### AVAILABLE DATA
__________________________________________________

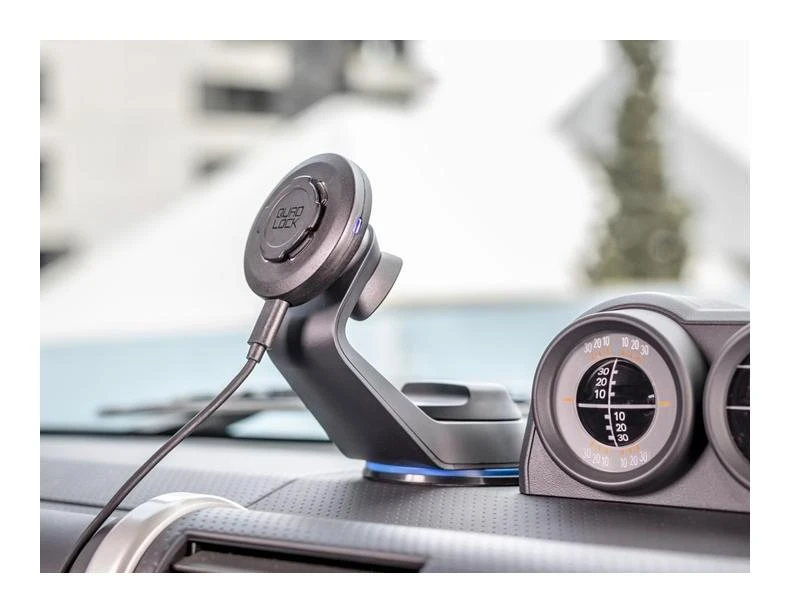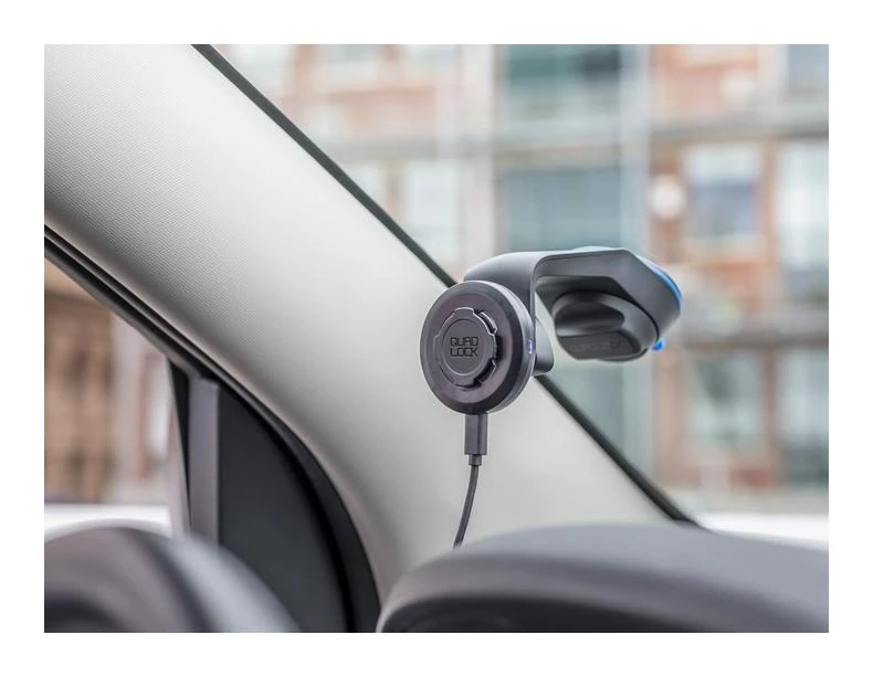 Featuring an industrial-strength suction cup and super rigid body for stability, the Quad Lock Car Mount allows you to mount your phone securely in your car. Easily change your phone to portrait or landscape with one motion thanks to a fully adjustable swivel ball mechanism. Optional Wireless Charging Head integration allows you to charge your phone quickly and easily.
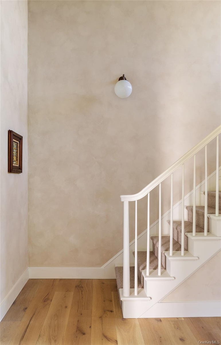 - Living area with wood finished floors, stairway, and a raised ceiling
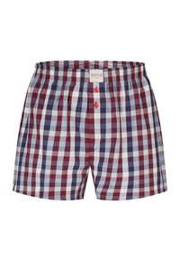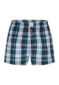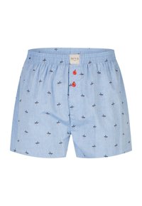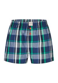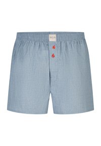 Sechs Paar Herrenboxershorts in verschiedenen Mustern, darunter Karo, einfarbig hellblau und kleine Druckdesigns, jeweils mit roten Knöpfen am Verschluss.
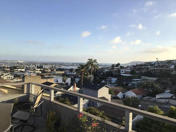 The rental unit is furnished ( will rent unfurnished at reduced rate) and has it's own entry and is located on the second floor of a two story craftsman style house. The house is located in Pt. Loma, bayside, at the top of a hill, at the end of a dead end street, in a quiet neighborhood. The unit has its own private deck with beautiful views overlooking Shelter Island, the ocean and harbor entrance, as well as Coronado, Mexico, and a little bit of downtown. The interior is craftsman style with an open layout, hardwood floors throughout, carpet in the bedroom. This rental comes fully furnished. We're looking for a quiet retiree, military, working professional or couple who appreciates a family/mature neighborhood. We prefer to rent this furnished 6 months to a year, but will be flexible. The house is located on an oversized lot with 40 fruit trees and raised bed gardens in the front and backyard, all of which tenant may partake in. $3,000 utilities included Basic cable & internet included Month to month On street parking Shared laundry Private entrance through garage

__________________________________________________

### REQUIRED WORK
Retype, word for word, only the line holding "- Living area" and the lines after it through the final line of the listing above, and leave every picture out.

### RESPONSE TO THE TASK
 - Living area with wood finished floors, stairway, and a raised ceiling
 Sechs Paar Herrenboxershorts in verschiedenen Mustern, darunter Karo, einfarbig hellblau und kleine Druckdesigns, jeweils mit roten Knöpfen am Verschluss.
 The rental unit is furnished ( will rent unfurnished at reduced rate) and has it's own entry and is located on the second floor of a two story craftsman style house. The house is located in Pt. Loma, bayside, at the top of a hill, at the end of a dead end street, in a quiet neighborhood. The unit has its own private deck with beautiful views overlooking Shelter Island, the ocean and harbor entrance, as well as Coronado, Mexico, and a little bit of downtown. The interior is craftsman style with an open layout, hardwood floors throughout, carpet in the bedroom. This rental comes fully furnished. We're looking for a quiet retiree, military, working professional or couple who appreciates a family/mature neighborhood. We prefer to rent this furnished 6 months to a year, but will be flexible. The house is located on an oversized lot with 40 fruit trees and raised bed gardens in the front and backyard, all of which tenant may partake in. $3,000 utilities included Basic cable & internet included Month to month On street parking Shared laundry Private entrance through garage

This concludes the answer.